**WORK REQUEST**
From the entries that follow, reproduce exactly and only the lines from the line with "迎新工作如火如荼,到处都是忙" to the line with "2022年4月12日,深圳市", endpoints included.

**RECORDS FOR THIS EXERCISE**
-=-=-=-=-

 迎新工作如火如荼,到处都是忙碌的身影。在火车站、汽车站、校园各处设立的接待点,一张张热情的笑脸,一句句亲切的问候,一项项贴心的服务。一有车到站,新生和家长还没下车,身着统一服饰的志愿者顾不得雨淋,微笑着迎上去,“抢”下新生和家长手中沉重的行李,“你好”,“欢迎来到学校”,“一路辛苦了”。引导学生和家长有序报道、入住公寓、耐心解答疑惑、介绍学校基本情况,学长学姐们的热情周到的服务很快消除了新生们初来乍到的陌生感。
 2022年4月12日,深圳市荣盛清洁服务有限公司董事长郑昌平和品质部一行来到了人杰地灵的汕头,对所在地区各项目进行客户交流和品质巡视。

-=-=-=-=-

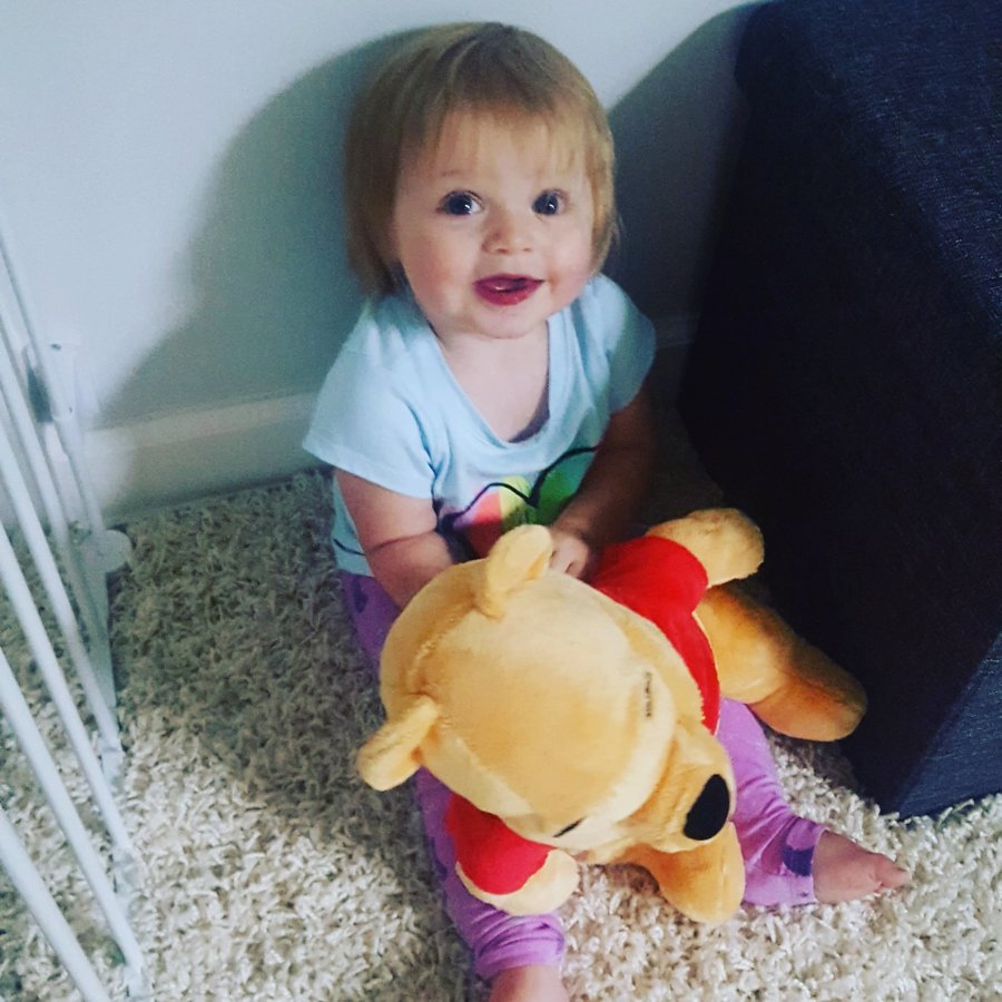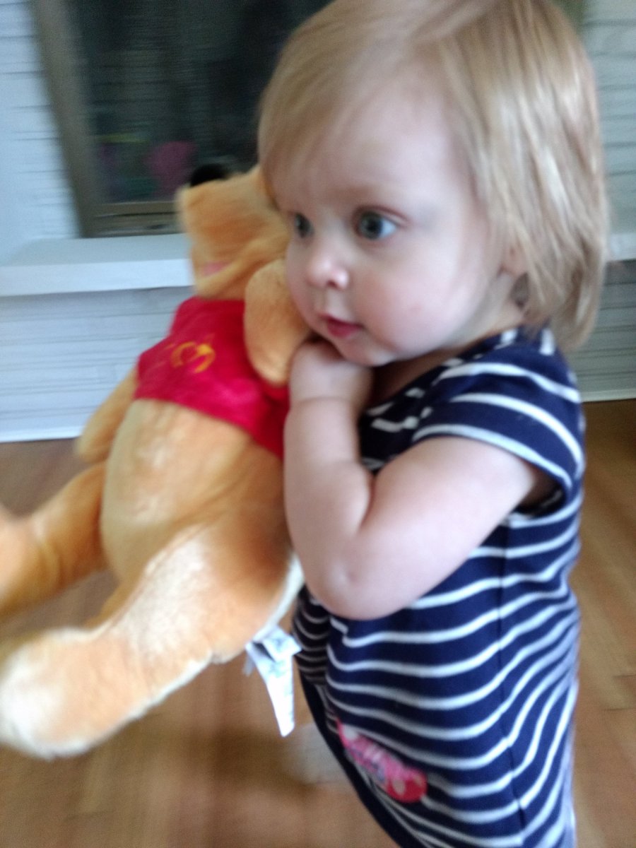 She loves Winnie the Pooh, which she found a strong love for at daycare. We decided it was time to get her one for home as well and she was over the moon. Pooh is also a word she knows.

-=-=-=-=-

**OUTPUT OF THE EXERCISE**
 迎新工作如火如荼,到处都是忙碌的身影。在火车站、汽车站、校园各处设立的接待点,一张张热情的笑脸,一句句亲切的问候,一项项贴心的服务。一有车到站,新生和家长还没下车,身着统一服饰的志愿者顾不得雨淋,微笑着迎上去,“抢”下新生和家长手中沉重的行李,“你好”,“欢迎来到学校”,“一路辛苦了”。引导学生和家长有序报道、入住公寓、耐心解答疑惑、介绍学校基本情况,学长学姐们的热情周到的服务很快消除了新生们初来乍到的陌生感。
 2022年4月12日,深圳市荣盛清洁服务有限公司董事长郑昌平和品质部一行来到了人杰地灵的汕头,对所在地区各项目进行客户交流和品质巡视。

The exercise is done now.